Gleice Cruz de Andrade da Silveira, mãe de Ryan

VISITA À NOSSA SENHORA DO AMPARO
Durante o passeio à empresa, um ônibus percorreu toda a garagem com as crianças a bordo, passando inclusive pelo lava-jato. Outro veículo, que ainda não havia entrado em operação, foi mais uma atração para a garotada. Segundo Gleice, o Ryan entrou no ônibus e mexeu em tudo que podia. No final, as crianças receberam vários brindes e o pequeno apaixonado ganhou uma miniatura exclusiva de um ônibus da empresa. “Lá, na Amparo, tem uma sala com miniaturas de ferro, réplicas dos ônibus, que mostram a evolução da empresa, mas que não podem sair dali. Depois do passeio, chamaram o Ryan num canto e um moça deu uma miniatura pra ele. Até os motoristas ficaram olhando, porque ninguém tem”, disse a mãe.

De acordo com Gleice, Ryan não esquece o dia dessa visita. “Quando chegamos em casa, ele parecia não estar acreditando. Ficava com a mão no rosto, boquiaberto e não conseguia dormir. Ele só me beijava e dizia: ‘mãe, obrigado. Eu amei esse passeio’. Era o sonho dele. E ele diz que quer voltar lá, mas, devido à pandemia, parece que as visitas estão suspensas, por enquanto”.

“Na Amparo, chamaram o Ryan num canto e uma moça deu uma miniatura pra ele. Até os motoristas ficaram olhando, porque ninguém tem”
Gleice Cruz de Andrade da Silveira, mãe de Ryan

FESTA DE ANIVERSÁRIO E ÔNIBUS DE BRINQUEDO
A festa de aniversário de quatro anos do Ryan só poderia ser sobre ônibus. Não havia outra opção possível. “Ele me pediu um bolo que tivesse um ônibus de açúcar em cima, um semáforo que acendesse e apagasse, um ponto de ônibus e uma pista. Foi muito engraçado, porque ele ia falando tudo que gostaria que tivesse na festa e eu ia anotando”, lembra Gleice, que saiu à procura de itens para fazer a decoração, mas não encontrou nada sobre o tema nas lojas. “O Ryan é filho único e foi muito esperado. Então, eu tento fazer o máximo que posso por ele. Como não encontrei nada pronto com o motivo da festa, eu mesma tive que fazer tudo”, afirma. “A mamãe pegou uma caixa de guardar brinquedo que eu tenho, no formato de um ônibus, furou o farol e colocou luzinhas”, lembra orgulhoso o menino. Para Gleice, a felicidade de Ryan, que ficou estampada no olhar e no sorriso, valeu todo o esforço.
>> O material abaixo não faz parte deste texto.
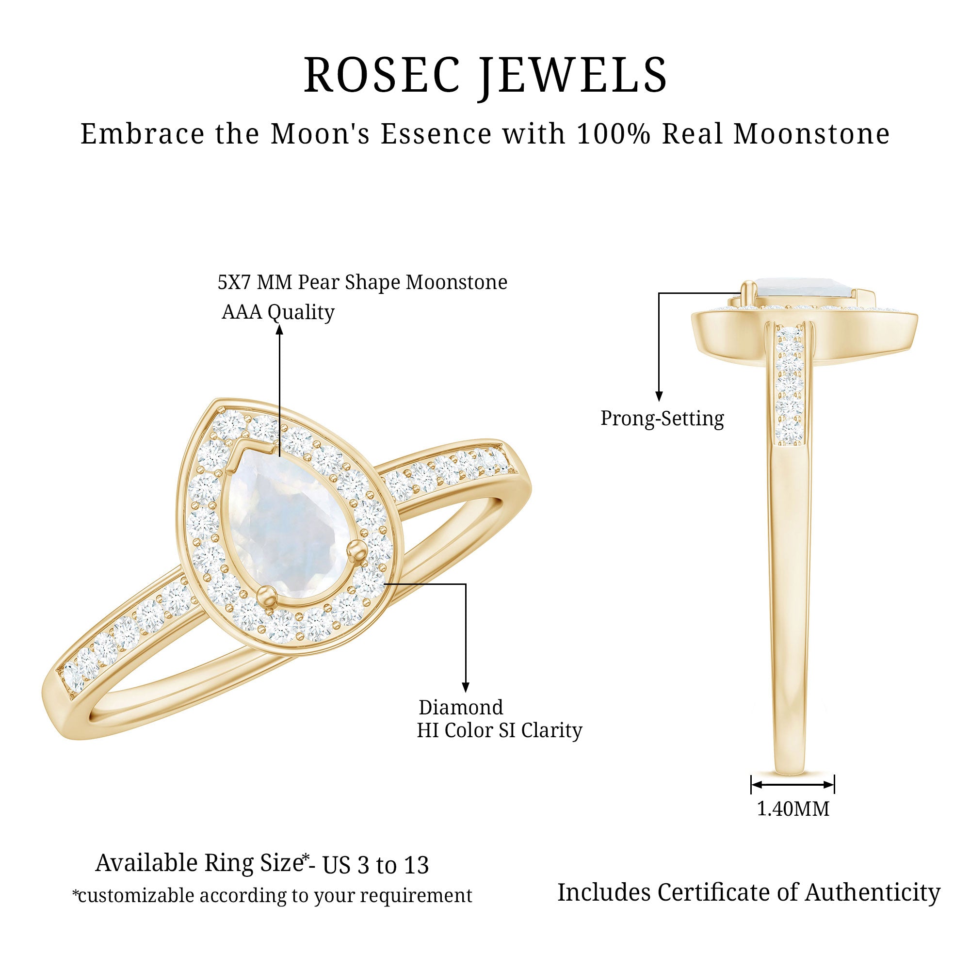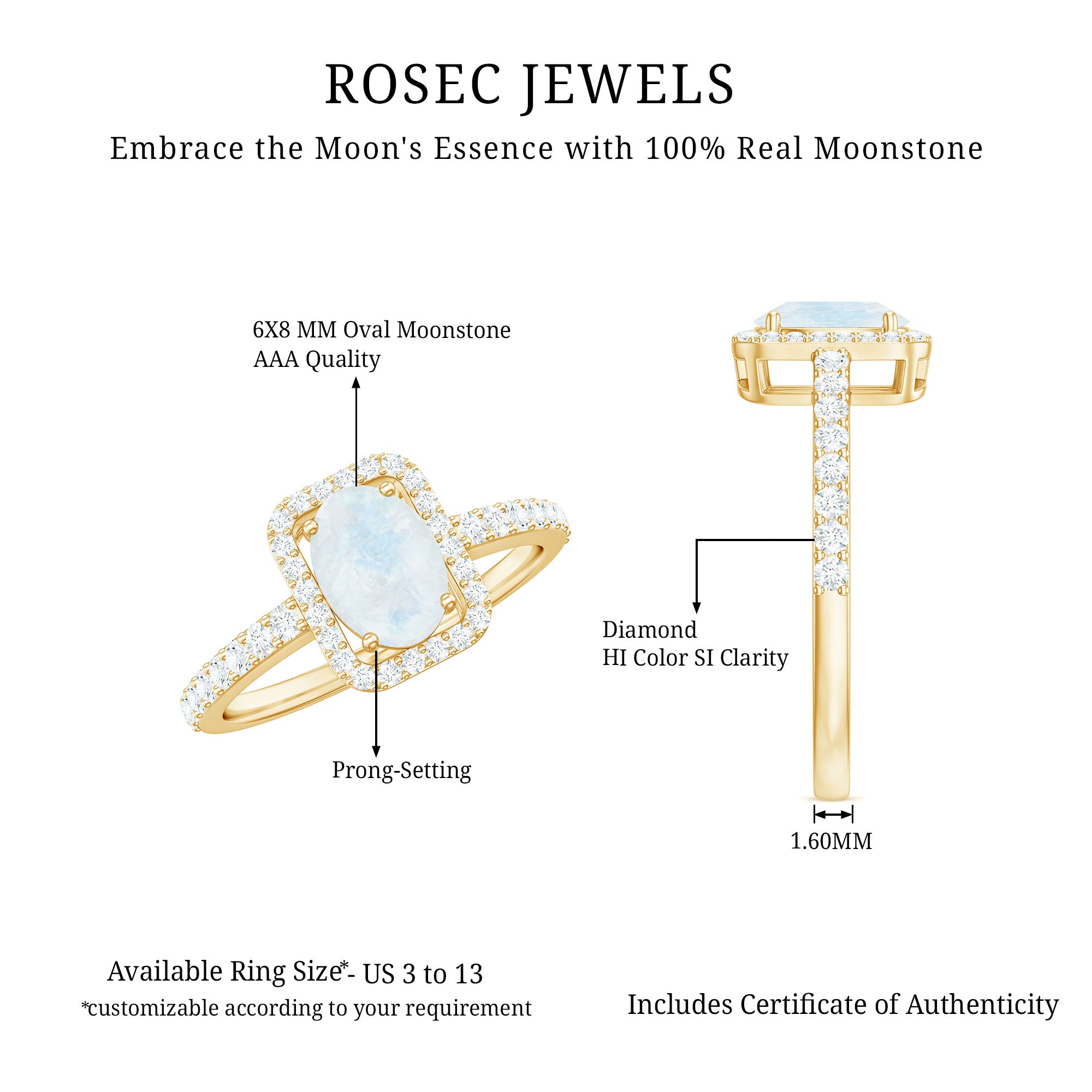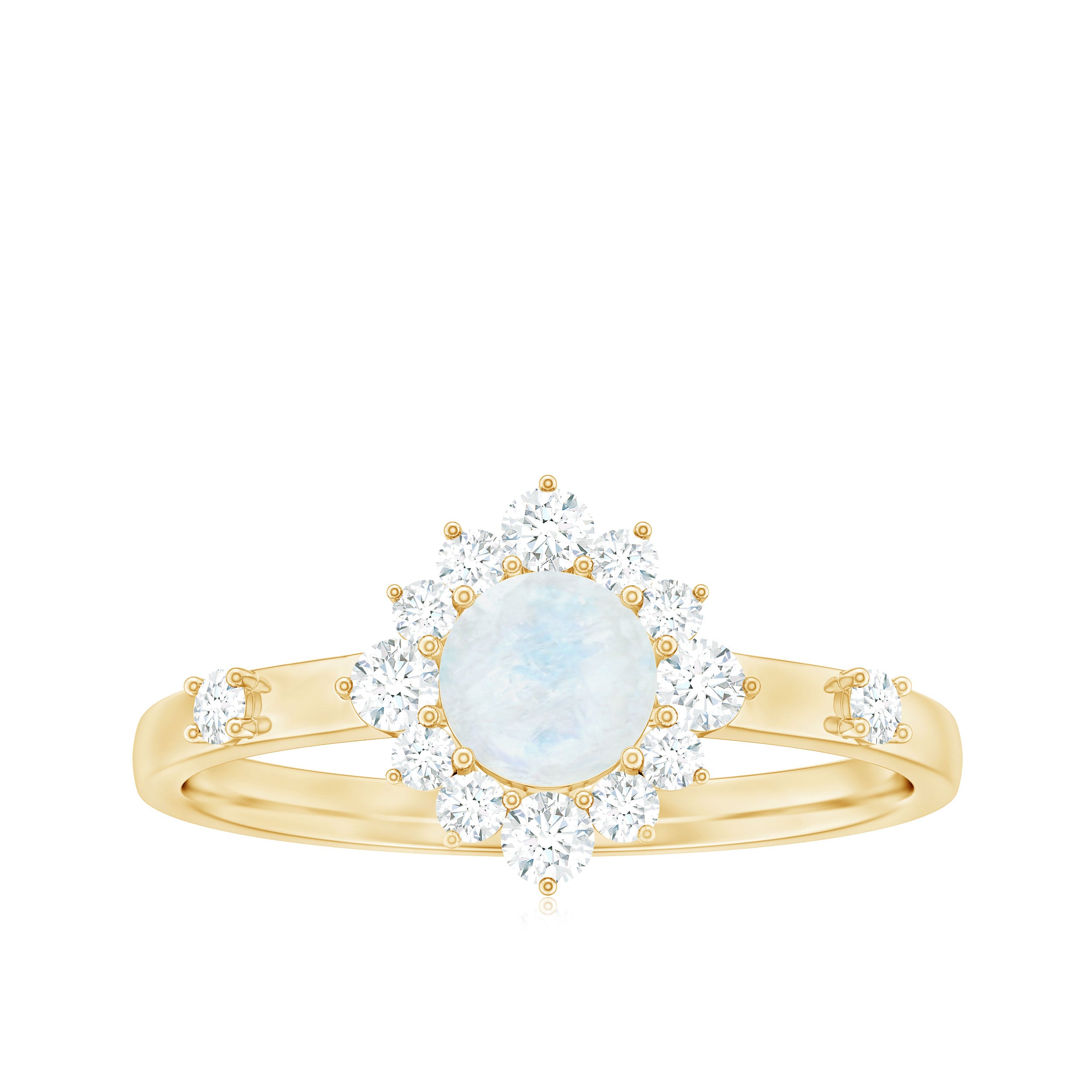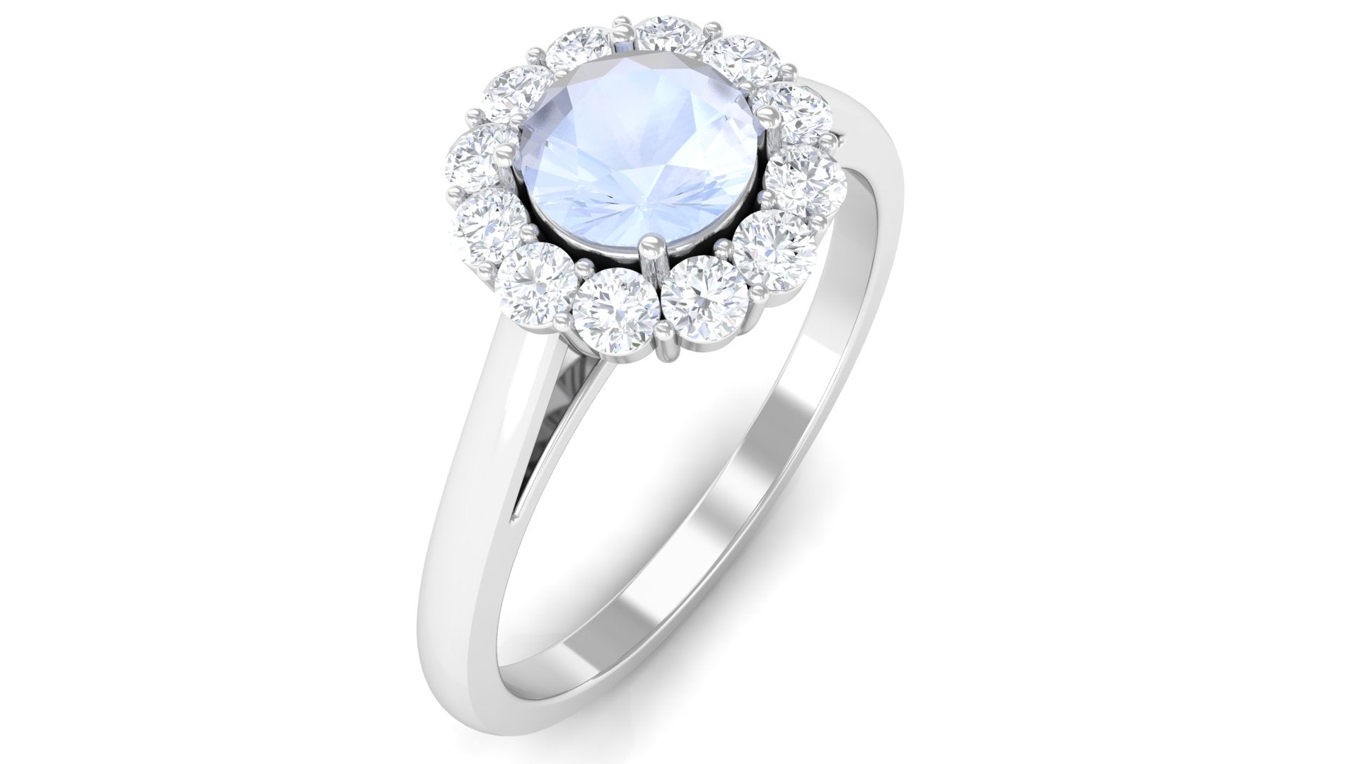 A Halo adorns the sheeny Centerpiece of Moonstone a sparkling touch with the shimmering parade of Diamond/Moissanite all around. Also, if you’re all about glitz and glam but still like a little classic touch, a Moonstone Ring with Diamonds (in a Halo) could be your best bet. The best part? It doesn’t just bestow more character on your Moonstone; it best highlights its beauty by making it appear larger.

O quarto do pequeno tem ônibus para todo lado e de todas as cores e modelos. Tem alguns que cantam, outros que acendem luzes, outros feitos de papel. Tem para todos os gostos. Sobre quantos ônibus de brinquedo possui, ele diz: “Ihhhh, perdi a conta. São tantos…”. Nos seus aniversários, todos os convidados o presenteiam com ônibus. “Ninguém dá roupa ou outro tipo de brinquedo”, explica Gleice. Ela contou também que uma funcionária da Amparo mandou pelo pai do Ryan, quando ele ainda trabalhava na Rio do Ouro, uma cartela com vários ônibus de papelão para montar, que ela havia ganhado em um seminário. “Ele adora brincar com eles. Faz aquela carreira de ônibus, a gente olha e parece que ele está em outro mundo, imaginando um monte de coisas”, completa a mãe.

Questionado sobre o que quer ser quando crescer, Ryan não pensa duas vezes: “quero ser motorista de ônibus. Mas, não acho muito fácil porque tem que trocar as marchas. Tem que segurar o volante com uma mão e usar a outra pra passar a marcha. É… pode ser fácil, sim. Mas, tem que ter cuidado na pista”, disse. E quando perguntado sobre o motivo de gostar tanto de ônibus, Ryan finaliza a conversa dizendo simplesmente: “é grande”.